→ DATASET CONTENT:
-- Opening Marker --
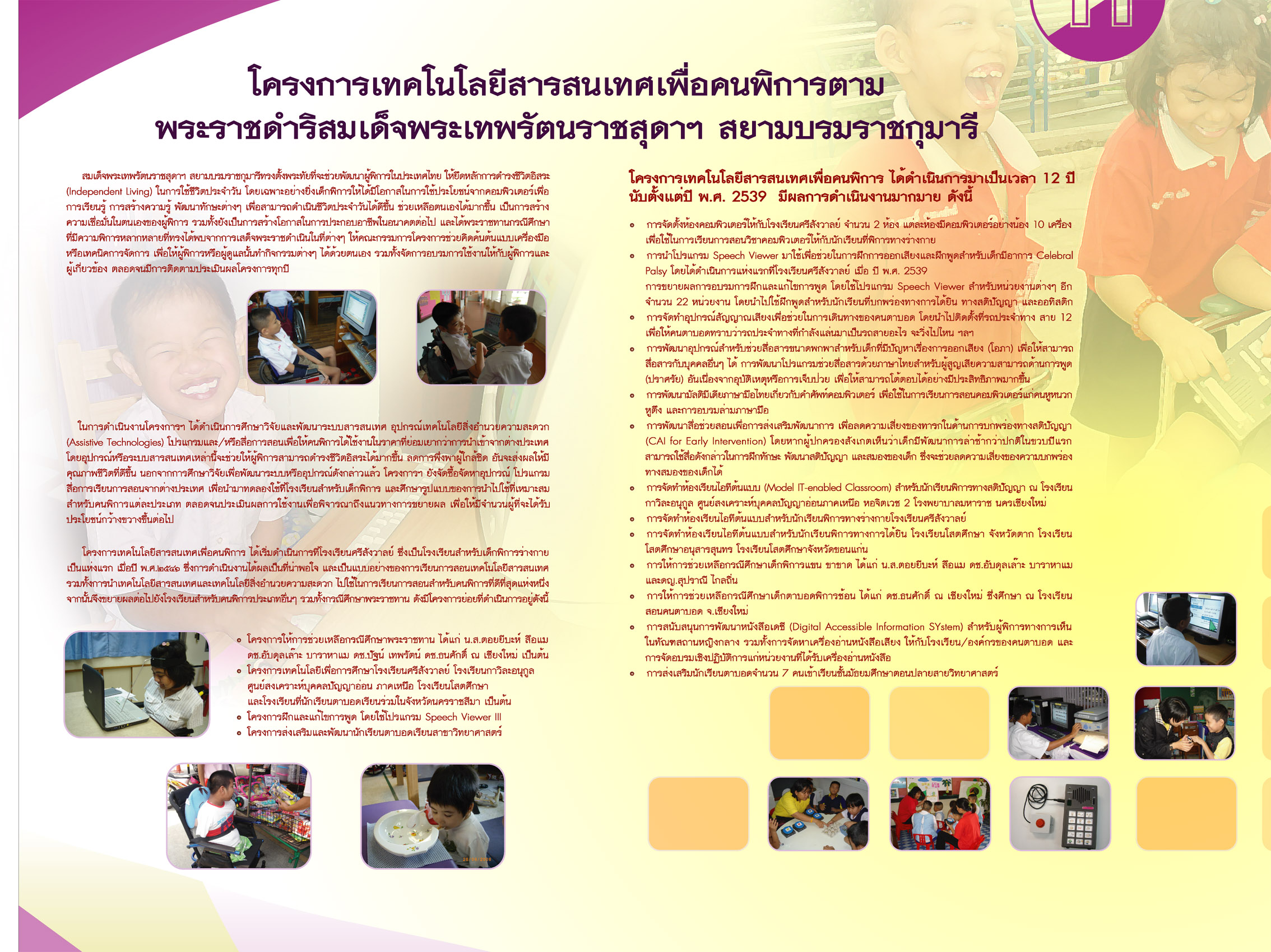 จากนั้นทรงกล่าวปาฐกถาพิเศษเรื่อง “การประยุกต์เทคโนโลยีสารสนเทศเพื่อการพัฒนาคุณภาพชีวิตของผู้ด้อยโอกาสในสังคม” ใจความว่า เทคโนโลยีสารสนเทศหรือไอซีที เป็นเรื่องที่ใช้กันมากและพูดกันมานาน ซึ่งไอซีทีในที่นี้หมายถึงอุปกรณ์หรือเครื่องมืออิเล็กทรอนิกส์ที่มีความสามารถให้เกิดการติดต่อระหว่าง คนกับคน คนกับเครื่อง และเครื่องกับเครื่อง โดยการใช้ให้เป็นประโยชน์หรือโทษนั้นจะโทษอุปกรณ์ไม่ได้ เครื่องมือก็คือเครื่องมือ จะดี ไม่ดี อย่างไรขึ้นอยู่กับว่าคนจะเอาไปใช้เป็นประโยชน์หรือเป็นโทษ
-- Closing Marker --
-- Opening Marker --
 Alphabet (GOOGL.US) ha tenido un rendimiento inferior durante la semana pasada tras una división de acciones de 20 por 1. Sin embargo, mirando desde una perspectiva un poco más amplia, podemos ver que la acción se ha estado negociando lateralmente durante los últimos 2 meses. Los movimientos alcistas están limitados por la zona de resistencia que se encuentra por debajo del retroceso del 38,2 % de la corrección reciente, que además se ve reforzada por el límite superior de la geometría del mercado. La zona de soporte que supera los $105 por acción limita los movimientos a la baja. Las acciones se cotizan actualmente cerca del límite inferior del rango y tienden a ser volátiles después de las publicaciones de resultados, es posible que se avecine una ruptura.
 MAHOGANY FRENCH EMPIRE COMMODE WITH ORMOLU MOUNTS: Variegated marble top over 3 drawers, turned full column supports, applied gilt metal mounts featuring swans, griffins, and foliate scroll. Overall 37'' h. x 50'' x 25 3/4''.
-- Closing Marker --
-- Opening Marker --
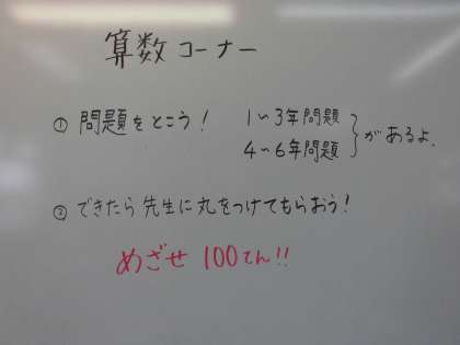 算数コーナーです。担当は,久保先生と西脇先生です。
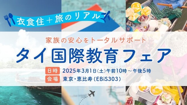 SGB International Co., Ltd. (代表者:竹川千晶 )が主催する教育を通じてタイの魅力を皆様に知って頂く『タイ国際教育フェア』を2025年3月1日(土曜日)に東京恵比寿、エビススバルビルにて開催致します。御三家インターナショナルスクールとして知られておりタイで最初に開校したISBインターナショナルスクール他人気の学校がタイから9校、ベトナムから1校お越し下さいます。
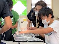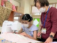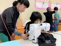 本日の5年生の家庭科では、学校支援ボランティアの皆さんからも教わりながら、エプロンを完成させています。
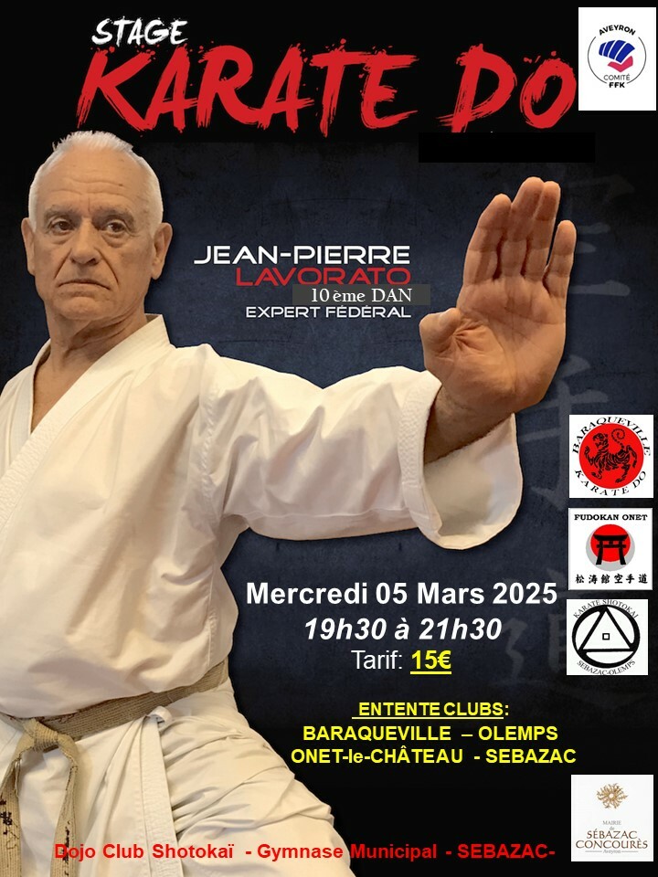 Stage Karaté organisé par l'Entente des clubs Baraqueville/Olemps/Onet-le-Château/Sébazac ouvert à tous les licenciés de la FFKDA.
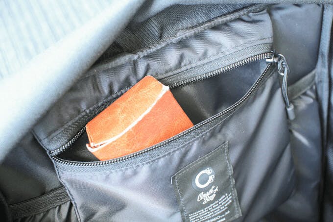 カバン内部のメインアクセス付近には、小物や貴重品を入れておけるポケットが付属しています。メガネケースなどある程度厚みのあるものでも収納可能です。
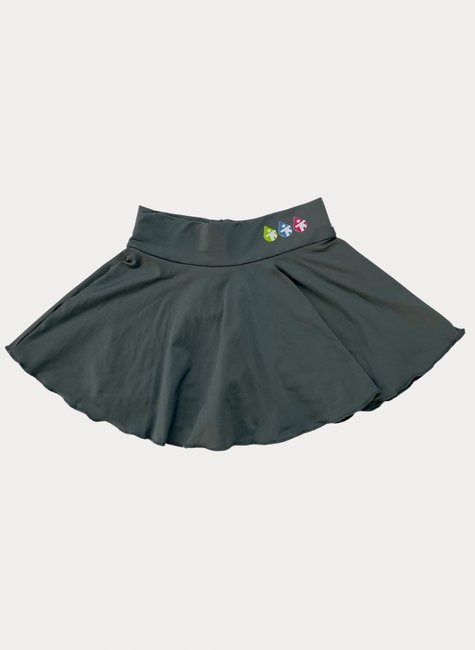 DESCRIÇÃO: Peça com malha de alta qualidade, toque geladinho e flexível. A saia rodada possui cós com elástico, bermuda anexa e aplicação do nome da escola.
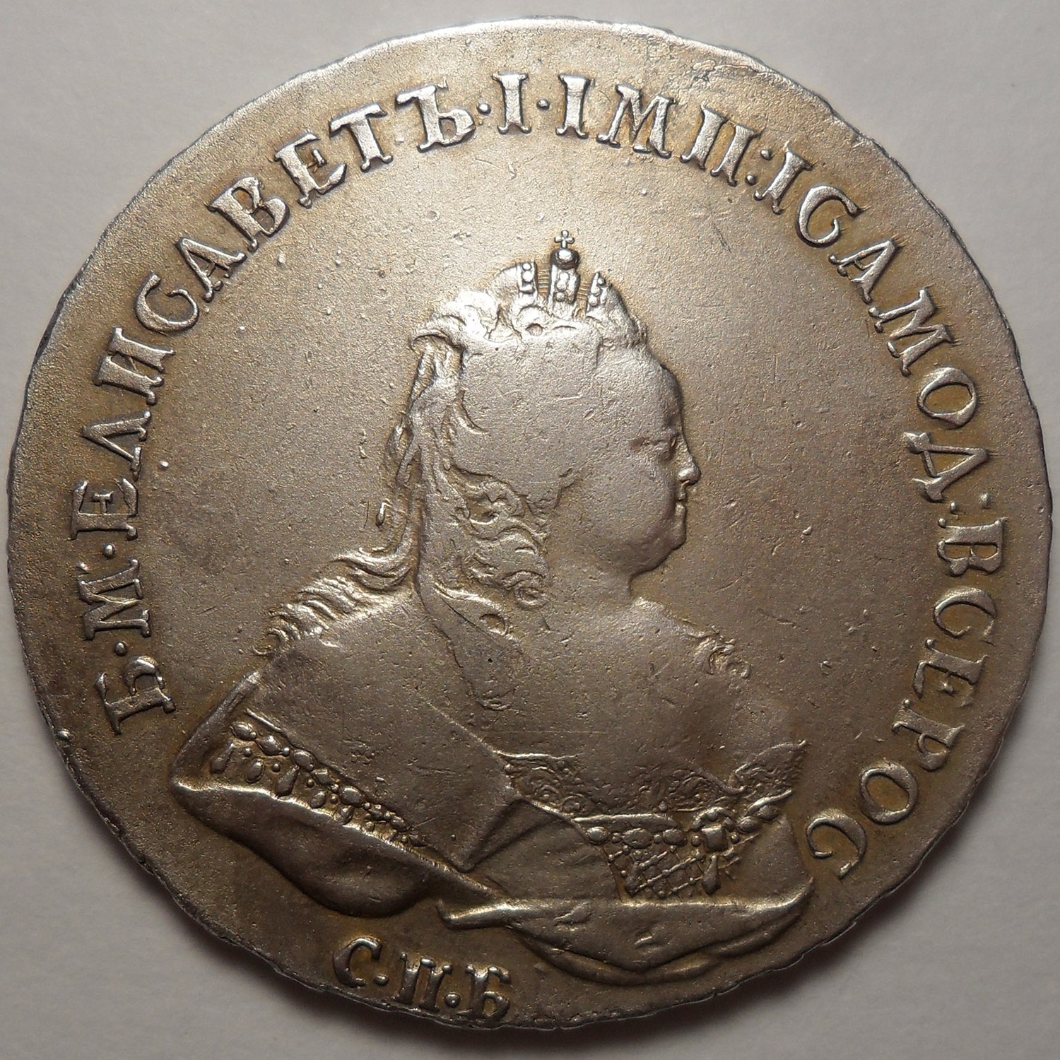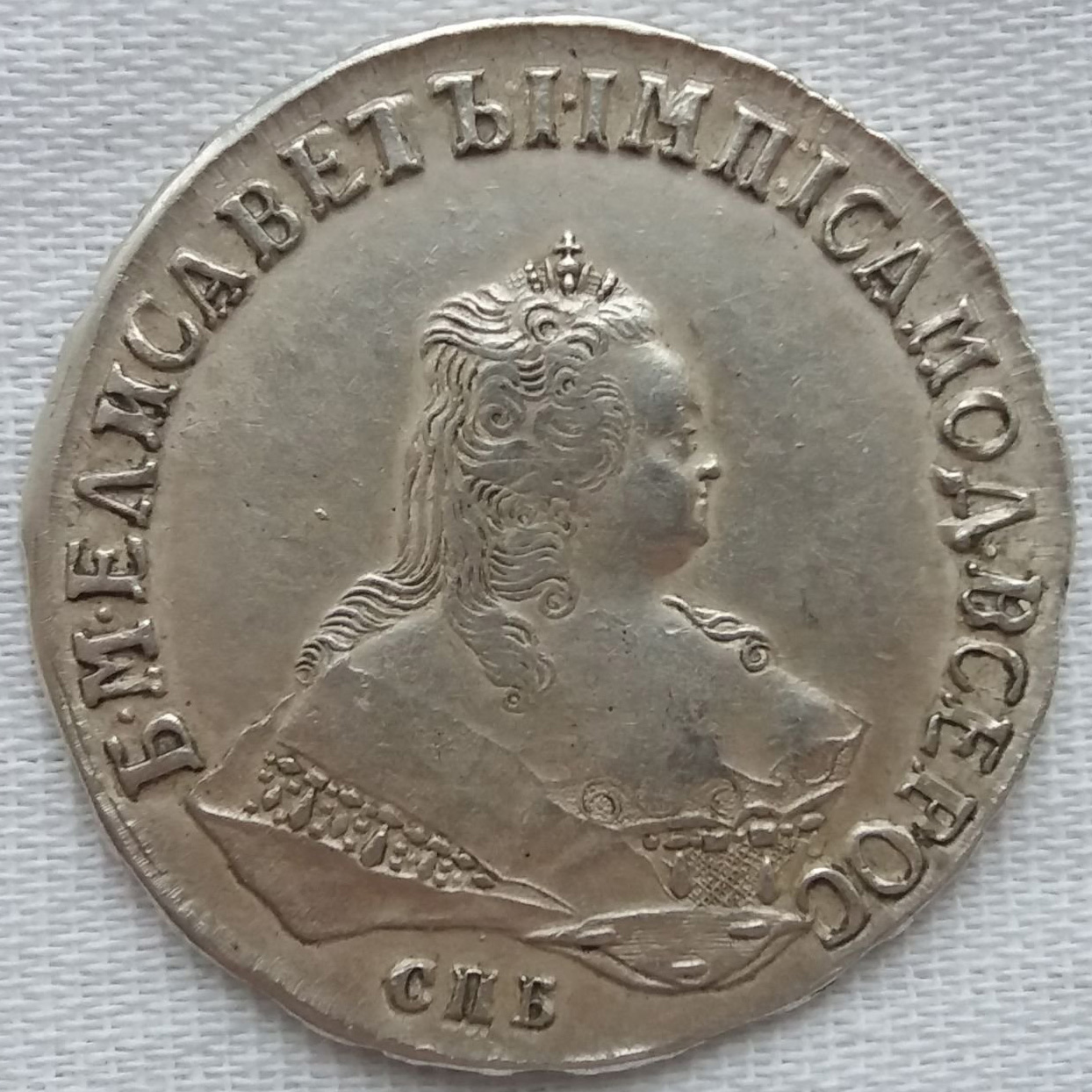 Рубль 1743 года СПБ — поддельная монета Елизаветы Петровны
-- Closing Marker --
→ EXERCISE OBJECTIVE: Taking the entries above, extract every line from the one bearing "本日の5年生の家庭科では、学" through the one bearing "カバン内部のメインアクセス付", exactly, with no pictures.

→ ANSWER BOX:
 本日の5年生の家庭科では、学校支援ボランティアの皆さんからも教わりながら、エプロンを完成させています。
 Stage Karaté organisé par l'Entente des clubs Baraqueville/Olemps/Onet-le-Château/Sébazac ouvert à tous les licenciés de la FFKDA.
 カバン内部のメインアクセス付近には、小物や貴重品を入れておけるポケットが付属しています。メガネケースなどある程度厚みのあるものでも収納可能です。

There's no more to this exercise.